This repository is created for a "Data Science with KNIME" course.
Participatns should fork this repository and upload reqired assignment files after each session.
The Final Score for each assignment is calculated as described here: You have 100 points at first. For missing each task's main activity you lose 10 points and having minor mistakes reduces 5 points of your starting points.This will be your score as "Completeness" of assignment. After calculating the completeness of assignment, you lose 2.5% of your score for each extra commit you had (each time you amend your assignment after getting instructor's feedback so the instrucor checks your assignment again = 1 extra commit) and 0.5% for each hour you delayed doing the assignment.
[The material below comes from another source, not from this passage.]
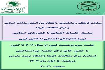 در راستای برگزاری سلسله کارگاه‌های تخصصی آشنایی با کشور لیبی، جلساتی با ارائه اعضای هیأت علمی مرکز مطالعات آفریقا دانشگاه تربیت مدرس برگزار شد.
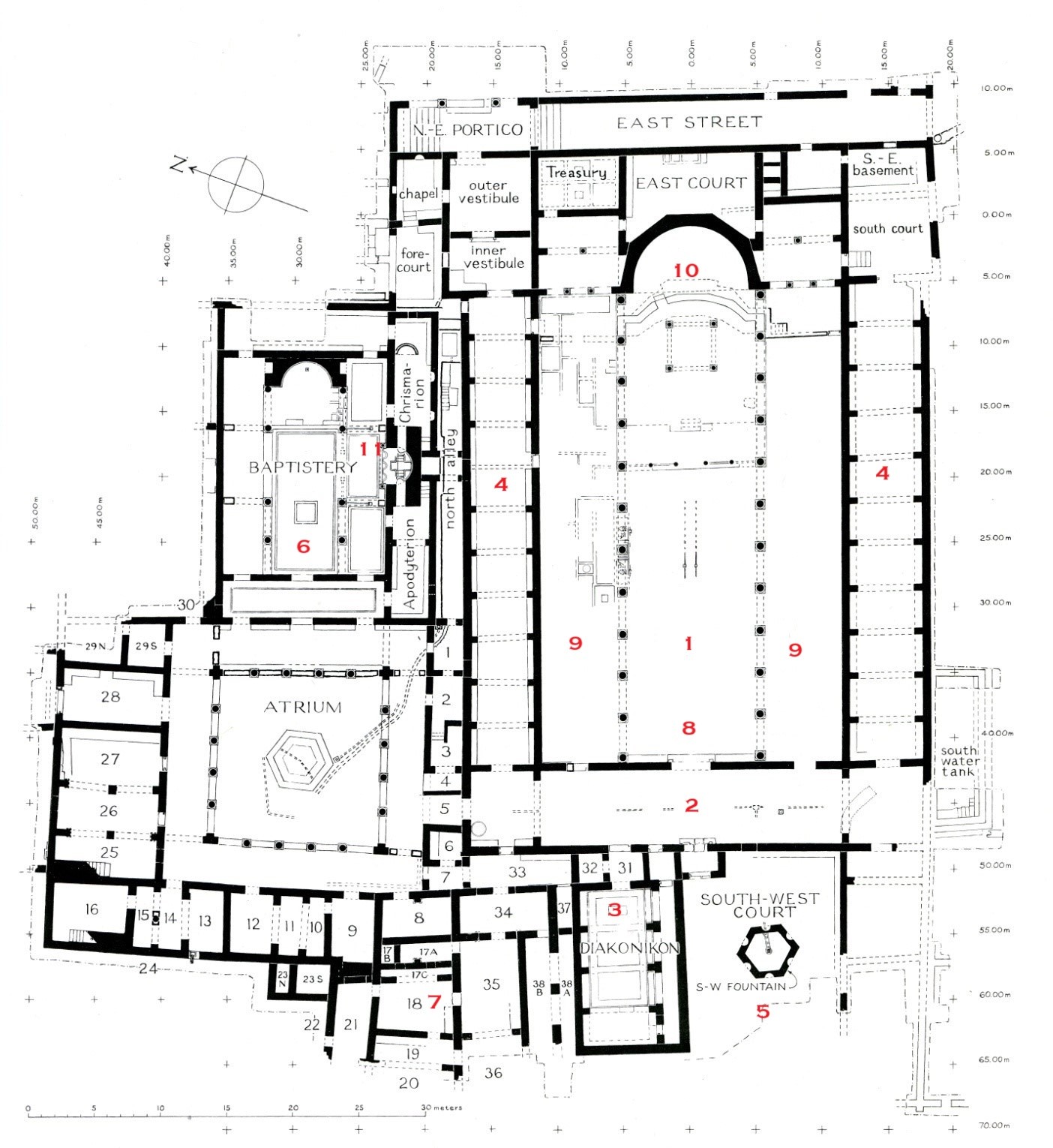 The three-aisled basilica measures 40 metres in length and 23 metres in width. Twelve granite columns on each side, with marble bases and Corinthian capitals, separated the central nave (8) from the two aisles (9). The apse is located at the eastern end of the central nave (10). The basilica was covered by a wooden pitched roof. The floor was decorated with mosaics, while the elevated area of the Holy Bema featured marble opus sectile (decorative geometric patterns made by multi-coloured marble pieces). The walls were covered with marble plaques bearing low relief decoration. The apse of the Holy Bema was likely decorated with wall mosaics.

A "Bonus Score" will be added to your assignment score if there is something creative or interesting in your assignment (The assignment score may not exceed 100).
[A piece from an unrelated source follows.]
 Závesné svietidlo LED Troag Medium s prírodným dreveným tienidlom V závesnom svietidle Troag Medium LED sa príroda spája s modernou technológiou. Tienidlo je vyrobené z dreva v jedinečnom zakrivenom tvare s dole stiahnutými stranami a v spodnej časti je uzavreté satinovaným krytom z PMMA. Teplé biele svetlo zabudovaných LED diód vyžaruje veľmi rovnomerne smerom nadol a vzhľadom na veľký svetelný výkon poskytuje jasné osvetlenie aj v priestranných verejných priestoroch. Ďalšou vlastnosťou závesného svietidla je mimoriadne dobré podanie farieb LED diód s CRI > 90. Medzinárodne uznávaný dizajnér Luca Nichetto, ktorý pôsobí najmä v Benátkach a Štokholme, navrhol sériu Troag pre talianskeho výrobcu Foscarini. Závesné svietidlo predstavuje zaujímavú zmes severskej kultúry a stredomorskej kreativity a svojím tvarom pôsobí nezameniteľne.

The Final Score will be the average of all the assignment scores.
Good luck.
Session 1 Assignment: Complete tasks below.
Task 1: Create an account in GitHub and fork this repository.
Task 2: Create an account in KNIME Forum and get "First Like" & "Autobiographer" badges.
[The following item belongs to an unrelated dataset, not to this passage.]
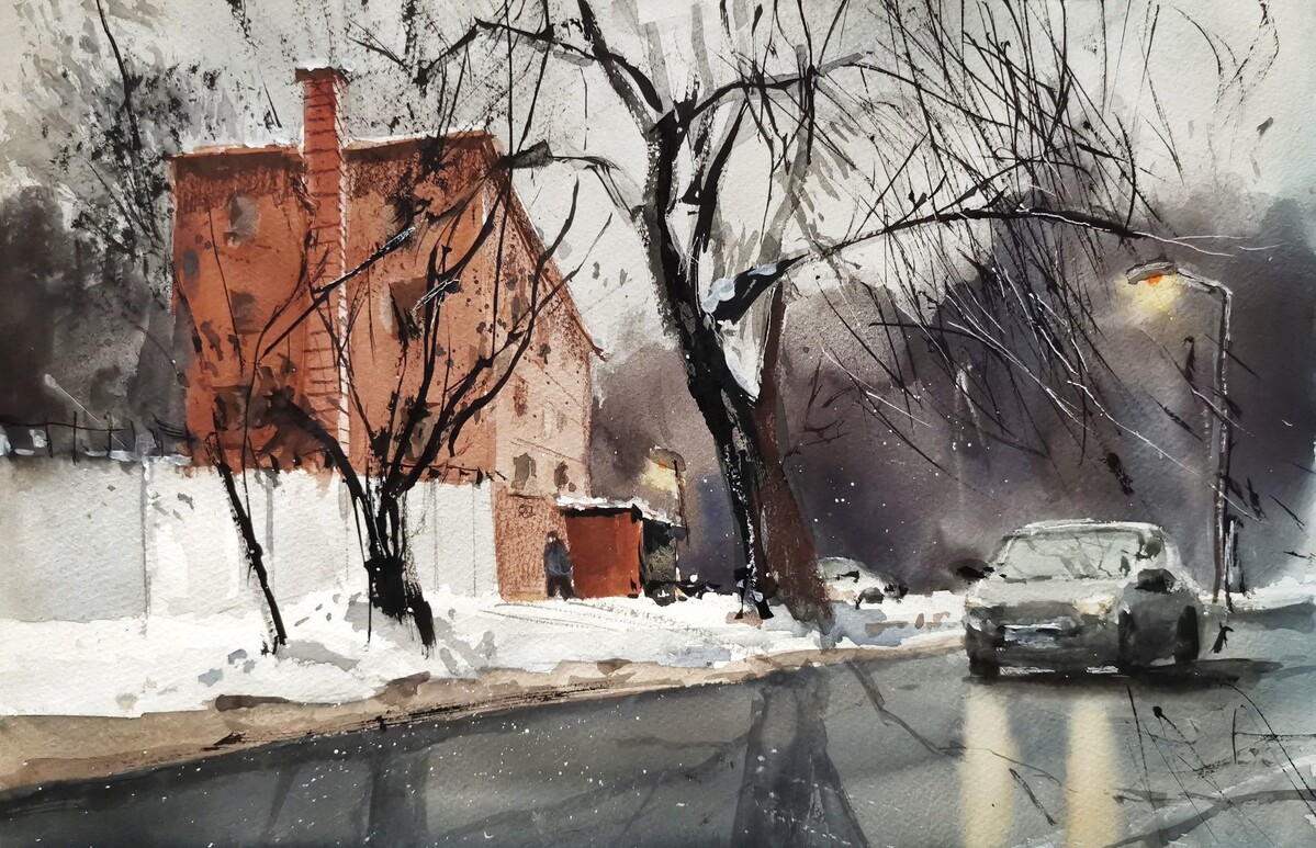 С помощью акварели мы научимся передавать ощущение от времени и места. Найдём подходящие цветовые решения и даже неожиданные материалы для рисования.

Task 3: Download and install KNIME Analytics Platform.
Session 2 Assignment: To complete this assignment you need to upload your workflow to your repository. The name of the file must be "<github username>-session<session number>", e.g., "armingrudd-session2".
Task 1: Create a folder named "DS-with-KNIME" under LOCAL space and put a folder named "data" inside workflow group. Then download the provided files in "data" folder of this repository and put them in the "data" folder under "DS-with-KNIME" in your KNIME workspace. Also create another workflow group named "session2" in "DS-with-KNIME" and create your workflow in this workflow group. You have to create new workflow groups for each session and name them the same way: session<session number>.
Task 2: Read both "adult.csv" and "cars-85.xlsx" files:
1- Read "adult.csv" with column headers and read the first 32000 rows.
2- Read "adult.csv" and skip the first 32000 rows.
3- Read "cars-85.xlsx" with column headers. Skip the first 2 columns ("symboling" and "normalized losses") and read the first 201 rows.
4- Read "cars-85.xlsx" with column headers. Skip the first 2 columns ("symboling" and "normalized losses") and read the last 5 rows.
Task 3: Write files to LOCAL>DS-with-KNIME>data:
1- The output of task2-1 as XLSX with column headers, the same file name as the input file and "part1" as the sheet name.
2- The output of task2-2 as XLSX with the same file name as the input file and "part2" as the sheet name. After completing this task, the output file must have 2 sheets (part1 and part2).
3- The output of task2-3 as CSV with column headers and the same name as the input file.
4- The ouput of task2-4 as CSV with column headers and the same name as the input file. After completing this task, the row count of the output file must be the same as the row count of the input file (cars-85.xlsx).
Session 3 Assignment: To complete this assignment you need to upload a Component which takes "adult" data set as input and produces a view as described in assignment tasks:
Task 1: Assigns colors to rows based on "marital-status".
Task 2: A table view which publishes selection events but does not subscribe to selection events.
Task 3: A table view which subscribe to selection events but does not publish selection events. Also, this table view only shows selected rows.
Task 4: A scatter plot which shows "age" against "hours-per-week" for 1000 rows only.
Task 5: A bar chart which shows average "age" per "marital-status".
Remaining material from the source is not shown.